Did you know that when the bat gives off its sound, a special muscle automatically turns down its hearing so it cannot hear its own voice, only the guiding echoes? Most people know that in flight a bat emits supersonic sound pulses (as many as 60 a second) which, if they hit something, bounce back to the bat’s ears to warn it of the object. By measuring the time it takes the echoes to return, a bat can judge the exact location of objects and then modify its flight accordingly. Somehow the modern ‘miracles’ of science in the invention of radar and sonar systems, used to guide planes safely through fog and ships through water, often pale into insignificance when compared with their created natural counterparts. [Ed. note: See also Bats: Sophistication in Miniature]

When it comes to engineering, man is not the only one who can claim success. Spiders ‘had it first’ when it comes to a system for lifting loads. They string strands of moist ‘web wire’ from a limb overhead to the object on the ground. As the web dries, it shrinks and lifts the object slightly. More wetting, more waiting, and more shrinking, results in the object eventually being hoisted right up to the spider’s nest. By this means, a spider patiently works with web cables until a selected object is high enough off the ground for the creature to build its nest. Spiders know how to spin a wall of web which can hold many times their own weight.

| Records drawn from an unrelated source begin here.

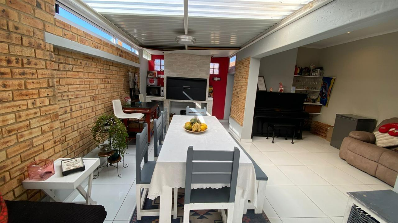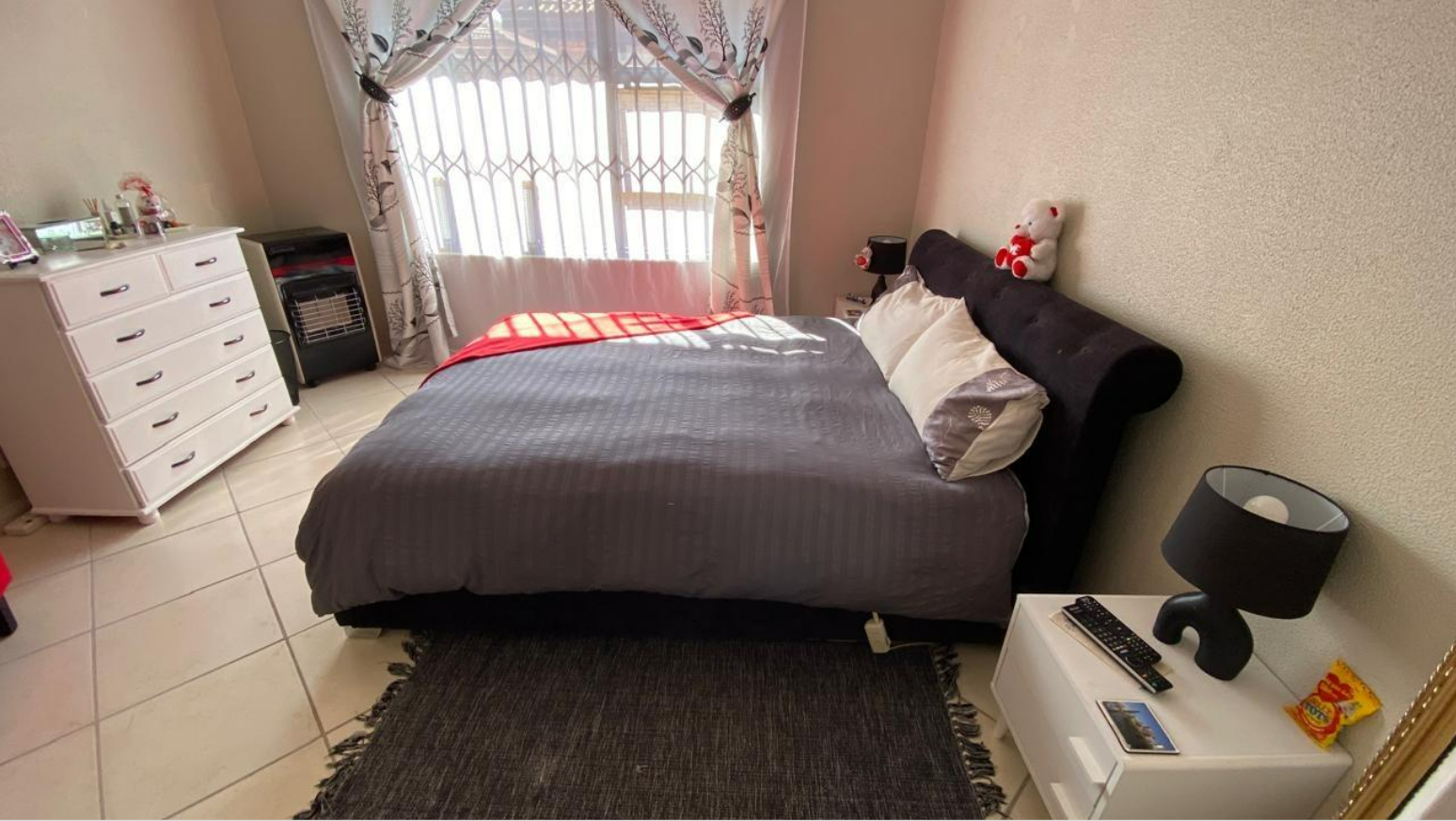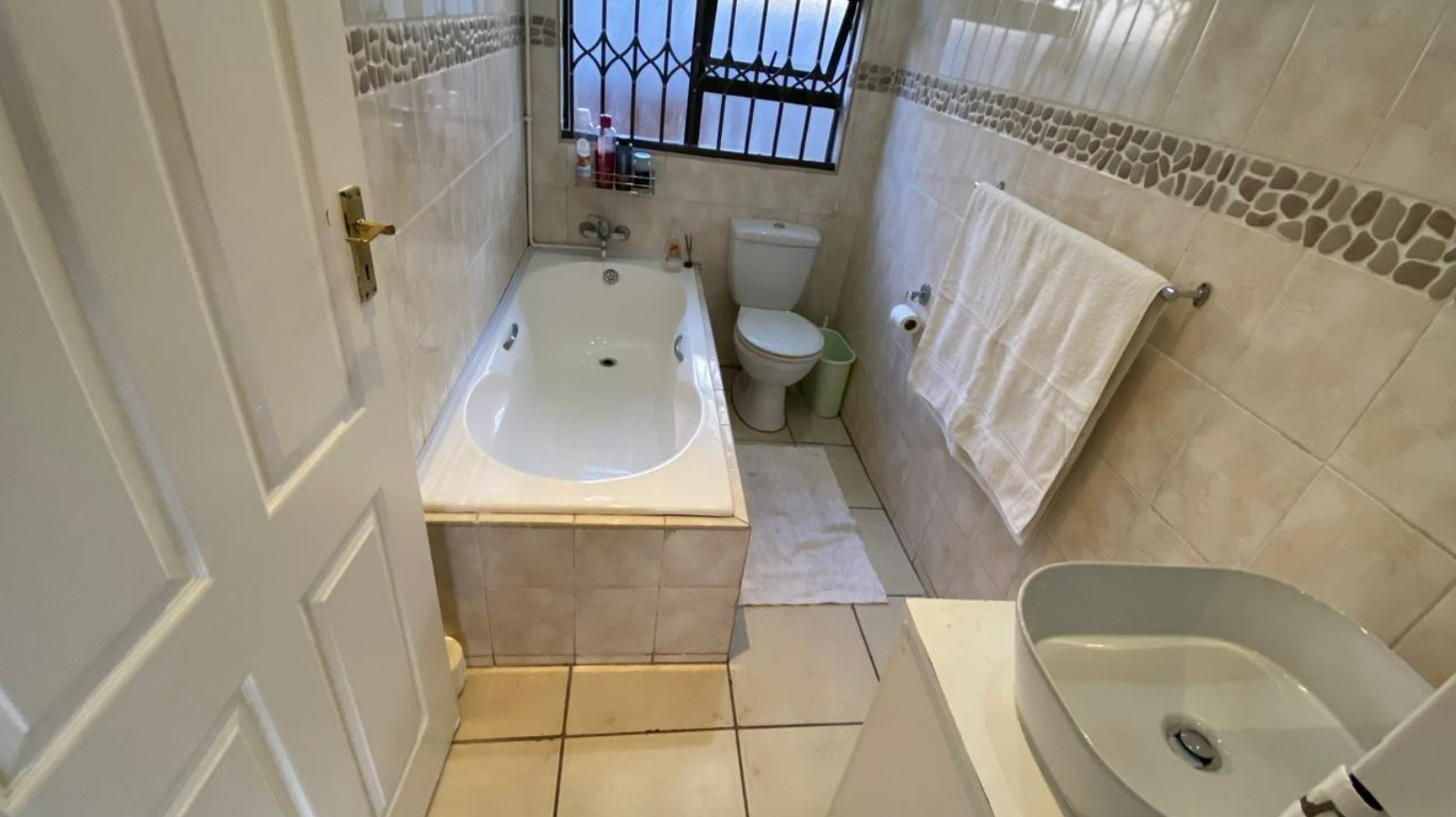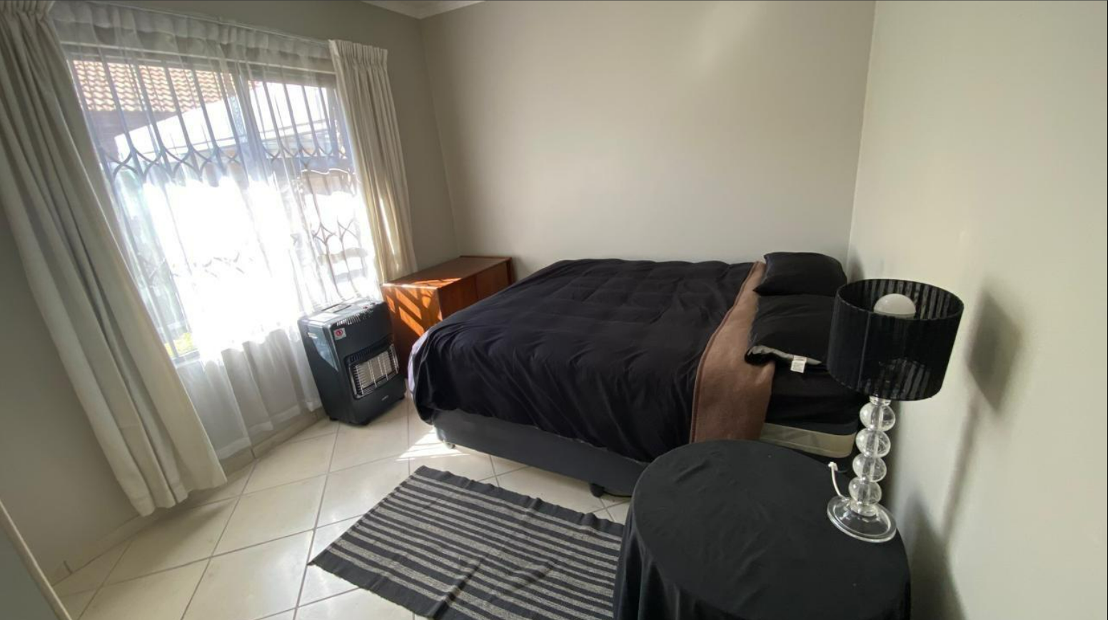 Discover this inviting 3-bedroom, 2-bathroom residence located within a secure complex in the suburban area of New Redruth, Alberton. The property offers a welcoming kerb appeal with its brick exterior, well-maintained tiled roofs, and a gated entrance ensuring peace of mind. Security is a key feature, enhanced by 24-hour armed response signage, an electric fence, and security bars on windows, providing a safe environment for residents.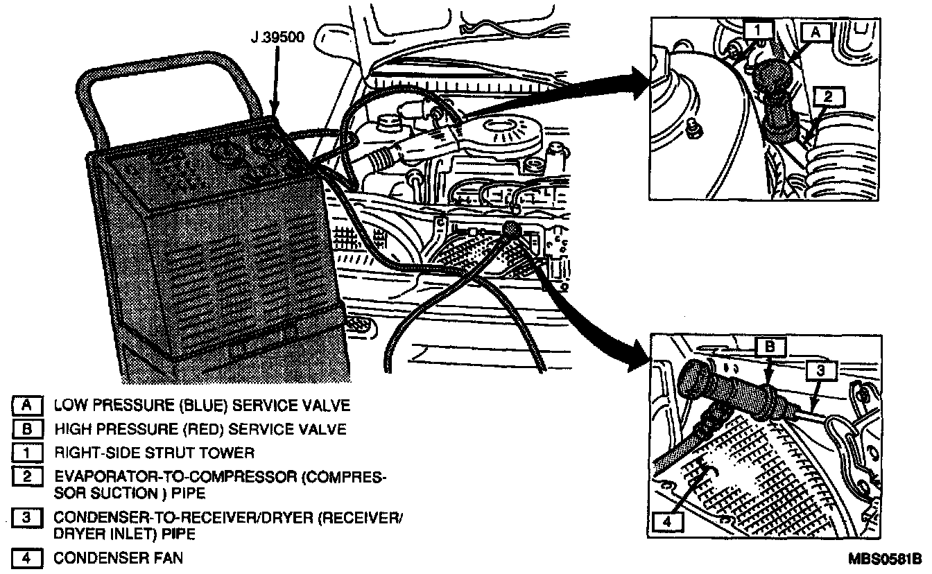 1. Connect the high side (red) and low side (blue) hoses to their respective service ports on the vehicle.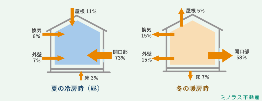 夏は、外壁や床からの熱侵入が7%・3%であるのに対して、窓などの開口部からは73%もの熱が入り込みます。冬も同様で、屋根からの熱逃げが5%である一方、窓からは58%もの熱が流出します。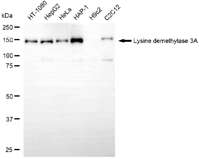Western blotting analysis using lysine demethylase 3A antibody. Total cell lysates (30 μg) from various cell lines were loaded and separated by SDS-PAGE. The blot was incubated with lysine demethylase 3A antibody and HRP-conjugated goat anti-mouse secondary antibody respectively.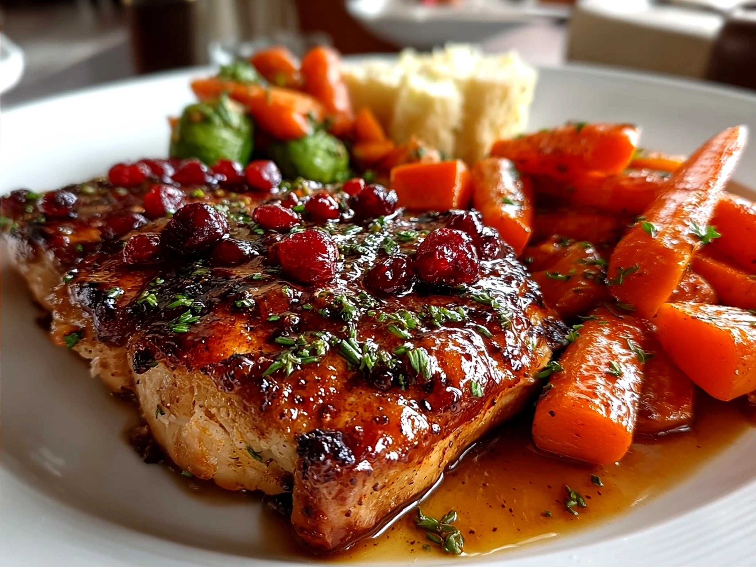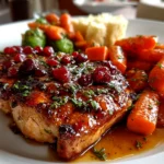 A deliciously savory and sweet cranberry glazed chicken served with tender roasted carrots and sweet potatoes, perfect for a wholesome dinner.

They have their own unique types of webs. Trade names which are marvels in geometric design and workmanship. Spiders were diving under water in air-filled diving bells long before man invented the submarine or the bathysphere. [Ed. note: See also God’s webspinners give chemists free lessons]

The first successful light bulbs marketed by Edison in the 1880s produced so much heat that they burnt out very rapidly. Even our modern light bulbs produce so much more heat than light that they are very wasteful of energy. If we could only learn from the firefly’s system, millions of dollars would be saved. They light up their lives by using a fuel called luciferin backed by a layer of reflective pigment cells covered by transparent tissue shapes to form a lens. Your car’s headlights and spotlights are patterned after that design.

A lifetime of study barely uncovers the tremendous designs which exist in the created world of nature. Beavers build large dams and spacious underground homes; wasps manufacture paper; some ants make living bridges so that their comrades can pass over water; other ants make boats from leaves to float across instead, while yet other ants practise animal husbandry, and herd aphids which they milk. Certain animals garden by planting fungi in specially prepared leaf moulds, and the famous Archer fish shoots flying insects with a stream of water, its eyes automatically correcting for optical refraction-an operation which most people cannot master however hard they try.

What can we conclude from this? Certainly not that blind chance or accident is the rule of law in nature. There are too many rules, too many laws and too much evidence of design to reach that conclusion rationally. As man learns more of the marvellous designs implanted in creation, he should be moved to appreciate evermore the wisdom of the God who made it all. The evidence of His handiwork is so obvious that not only do the heavens declare His glory, but the earth shows the evidence of His design. So much so that men are without excuse if they deny it.